TASK BRIEF
Ignoring pictures, transcribe exactly the lines between the one containing "Zadel opgevuld met" and the end of the material, both included.

START DATASET EXCERPT

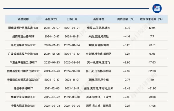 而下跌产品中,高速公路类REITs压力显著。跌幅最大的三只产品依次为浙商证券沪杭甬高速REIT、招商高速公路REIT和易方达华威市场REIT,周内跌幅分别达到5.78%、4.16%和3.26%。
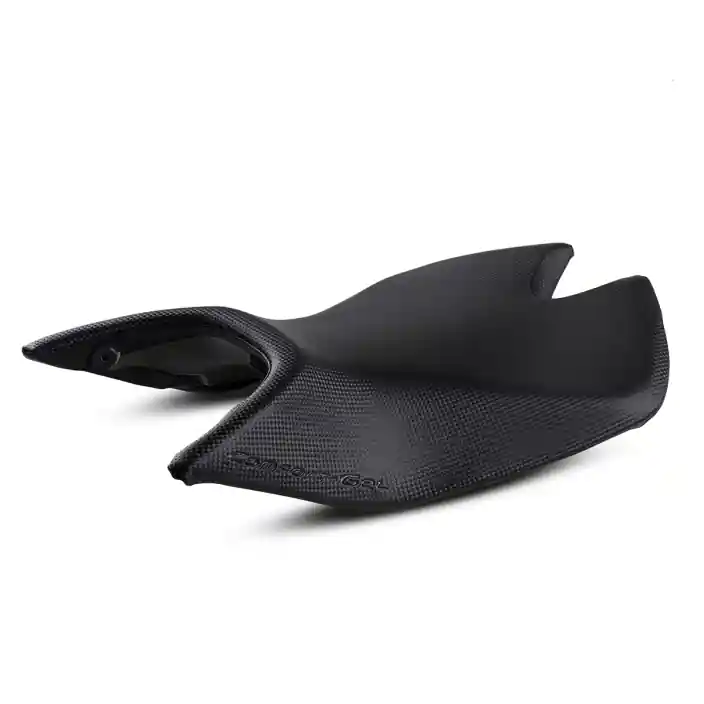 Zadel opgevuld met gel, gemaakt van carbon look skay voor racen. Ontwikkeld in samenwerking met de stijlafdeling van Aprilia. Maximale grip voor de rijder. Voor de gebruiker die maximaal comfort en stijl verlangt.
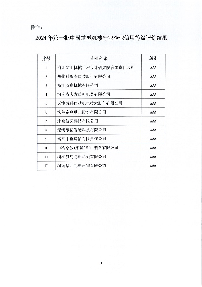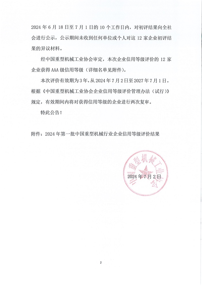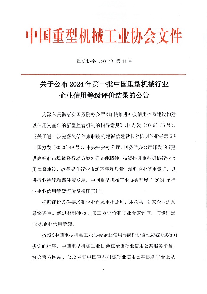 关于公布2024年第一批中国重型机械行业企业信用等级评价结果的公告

END DATASET EXCERPT

ANSWER TO THE PROBLEM
 Zadel opgevuld met gel, gemaakt van carbon look skay voor racen. Ontwikkeld in samenwerking met de stijlafdeling van Aprilia. Maximale grip voor de rijder. Voor de gebruiker die maximaal comfort en stijl verlangt.
 关于公布2024年第一批中国重型机械行业企业信用等级评价结果的公告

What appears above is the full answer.